Credit card losses, an area of concern at other banks, were not a problem; the ratio of credit card chargeoffs to total balances rose only 13 basis points, to 4.76%. Analysts said the rise was so small that it was actually a positive.

"It was remarkable given what other banks have been doing," said Salomon Brothers analyst Carole Berger.

However, BankAmerica's net interest margin declined nine basis points, to 4.27%. The bank said it was unable to increase core deposits fast enough to fund its loan growth and, as a result, had to use more expensive wholesale funding.

"The only thing that sticks out as contrary is that their margin continues to deteriorate," said Bear, Stearns & Co. analyst Lawrence R. Vitale.

But the margin decline wasn't so serious that it took the luster off an otherwise stellar quarter.

"We had a good, strong quarter," said BankAmerica chief financial officer Michael O'Neill.

Second-quarter earnings at Wachovia followed the trend seen at many other regional banks: Strong revenue growth, particularly in fee income, overcame higher credit card chargeoffs.

The bank cited a surge in service charge revenue, driven by strong volume in both the consumer and corporate categories; electronic banking fees, principally from consumer use of debit cards and automated teller machines; and investment fee income derived from the sale of securities.

Wachovia earned 94 cents per share. Fee income was particularly strong, up 10% from the year-earlier quarter, to $198.4 million.

Like other banks this quarter, Wachovia reported a weakening of loan volume but only a slight one, 10% annualized growth compared to 11% during 1995. Net interest income improved 5% from the 1995 quarter, to $399.2 million.

Wachovia's loan-loss provision rose 20%, to $34.4 million, matching its net chargeoffs. Wachovia's heavy emphasis on credit cards, which comprise 13.5% of its total loans, was reflected in the fact that $31.7 million of its $34.3 million in chargeoffs - 92% - came from credit cards.

But Wachovia's credit card chargeoff ratio, which rose to 3.14% from 2.82% in the first quarter, remains at least 150 basis points below the industry average. Analysts also found comfort in the fact that Wachovia's card chargeoffs dipped slightly in June, the last month of the quarter.

"One month doesn't make a trend, but that might mean the percentage of losses is stabilizing, to some degree, in the short term," said Michael Mayo of Lehman Brothers Inc.

Chief financial officer Robert S. McCoy Jr. said Wachovia expected only minor deterioration in credit card chargeoffs during the next quarter or so, noting that delinquencies have actually fallen during the past four months.

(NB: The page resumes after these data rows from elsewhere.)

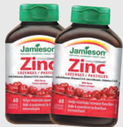
JAMIESON PASTILLES DE ZINC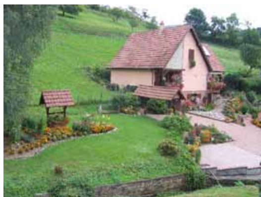
20/20 pour Serge Frantz rue de Pierreusegoutte !

N.B. Pour participer au concours, l'inscription est obligatoire.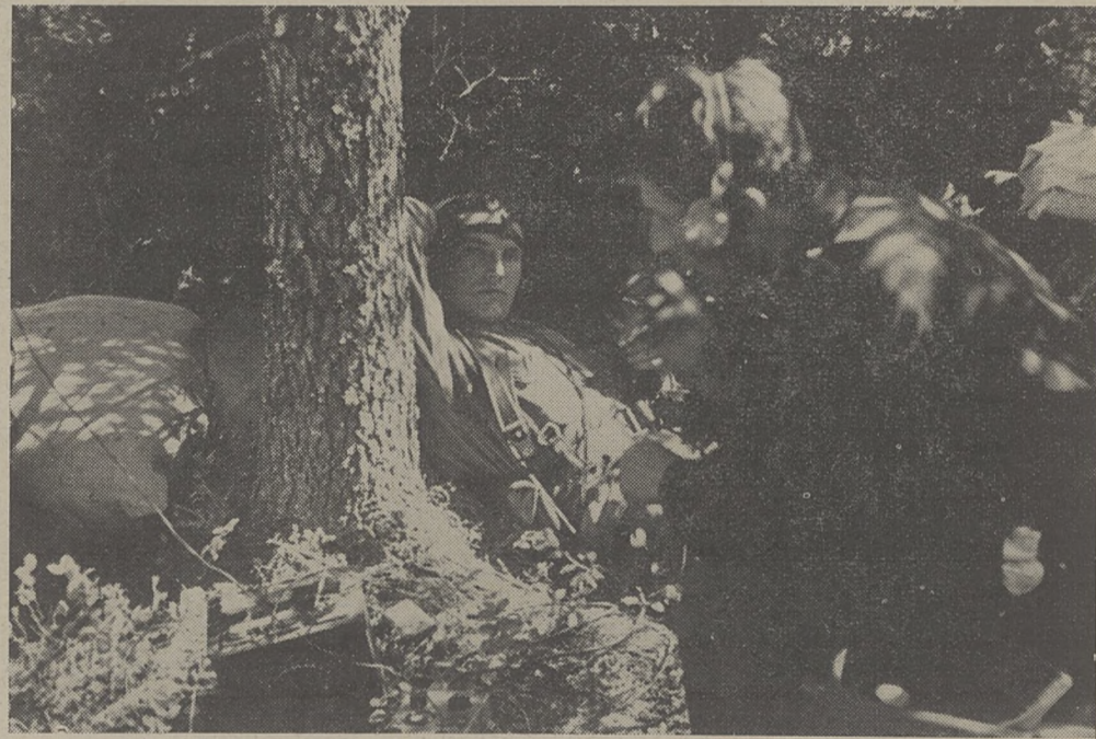
Obsługa radiowa przy pracy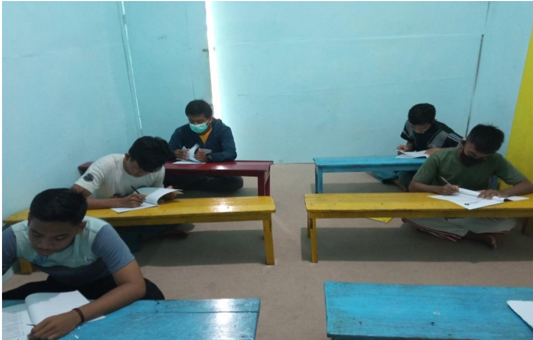
The students do the TOEFL Test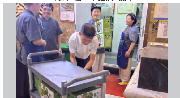
9 月 25 日，四季花海公司为员工发放中秋节日福利品

"We're not looking for catastrophic-type stuff at all - a little bit up but not catastrophic," he said.

R. Harold Schroeder of Keefe, Bruyette & Woods Inc. said he expects credit card problems in the industry generally to worsen slightly during the next two quarters. But he predicted bank earnings would continue to maintain their momentum despite this problem.

"You've got some really strong noninterest revenue growth, particularly seen in this quarter, that will mask or offset any additional credit card chargeoff problems going forward," Mr. Schroeder said.

Indeed, the strong improvement in earnings at Bank of New York occurred despite a $350 million provision related to credit cards, which was made in addition to a $75 million quarterly provision for other loan losses. Net interest income fell slightly, mainly as a result of the bank's sale of the AFL-CIO credit card portfolio.

Net chargeoffs on credit cards rose sharply, to 4.57% from 3.17%, but were still below levels at a number of other large U.S. banks, including Citicorp, which had a 4.99% chargeoff ratio.

Analysts said losses on credit card portfolios at Bank of New York and other institutions would probably rise in the second half of this year and then level out either at the end of this year or early next year, assuming there is no deterioration in the economy.

"The secular increase in bankruptcies continues to bother us because it's hard to get a handle on, and banks themselves are somewhat befuddled," said Sally Pope Davis, an analyst at Goldman, Sachs & Co.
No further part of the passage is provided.